What do you want to bet that the French pattern is visible in Britain,
which has been (in the Post's words) "a haven for fundamentalists
who enjoy traditional British liberties and a generous social welfare
system even as they rail against the culture that has given them refuge"?
In fact, there's a good argument that "welfare benefits + ethnic
antagonism" is the universal recipe for an underclass with an angry,
oppositional culture. The social logic is simple: Ethnic differences make
it easy for those outside of, for example, French Arab neighborhoods to
discriminate against those inside, and easy for those inside to resent the
mainstream culture around them. Meanwhile, relatively generous welfare
benefits enable those in the ethnic ghetto to stay there, stay unemployed,
and seethe. Without government subsidies, they would have to overcome the
prejudice against them and integrate into the mainstream working culture.

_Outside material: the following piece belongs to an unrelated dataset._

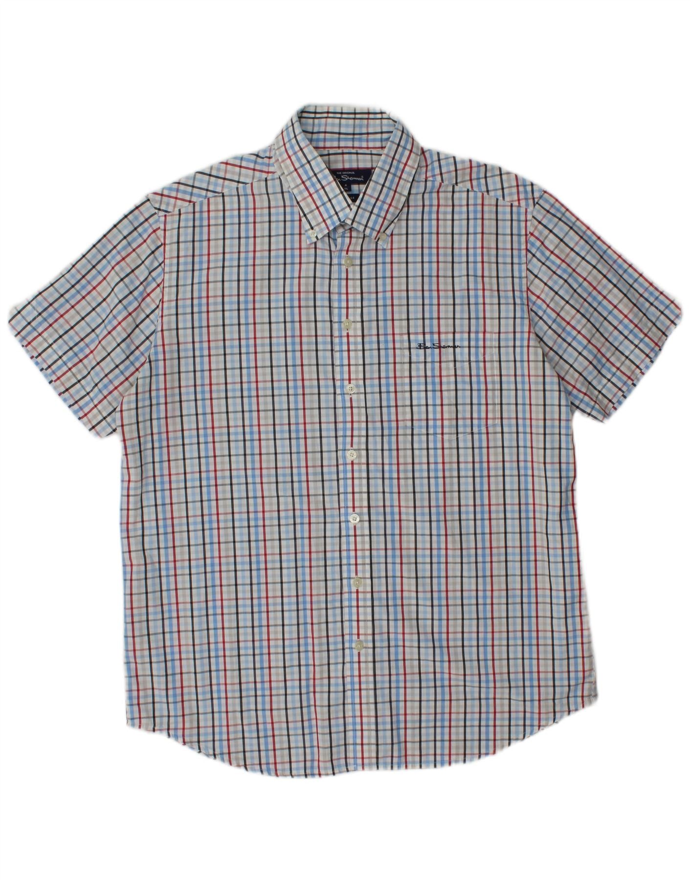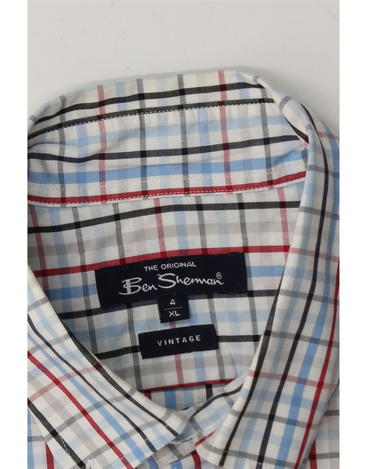 BEN SHERMAN Mens Vintage Short Sleeve Shirt XL Blue Check Cotton

Work, in this sense, is antiterrorist medicine. (And if you work all day,
there's less time to dream up ways and reasons to kill infidels.)
Appetite-whetting precursor:OpinionJournal.com has posted several items on "terrorist welfare queens" but hasn't made the
larger point about entire alienated subcultures being sustained by
welfare.
Assigned to: Lawrence Mead, who claimed in his 1992
book, The New Politics of Poverty, that Europe is "about a
generation behind the United States" in confronting the social problems
created when a discriminated-against group becomes dependent on state aid.
Alternatively: Heather Mac Donald, John Podhoretz, John
O'Sullivan. … If I knew a neolib who might write this, I'd assign it to
them. But I don't. [Bill Clinton?-ed. Not a bad idea! It would
make his U.S. welfare reform campaign look globally relevant.]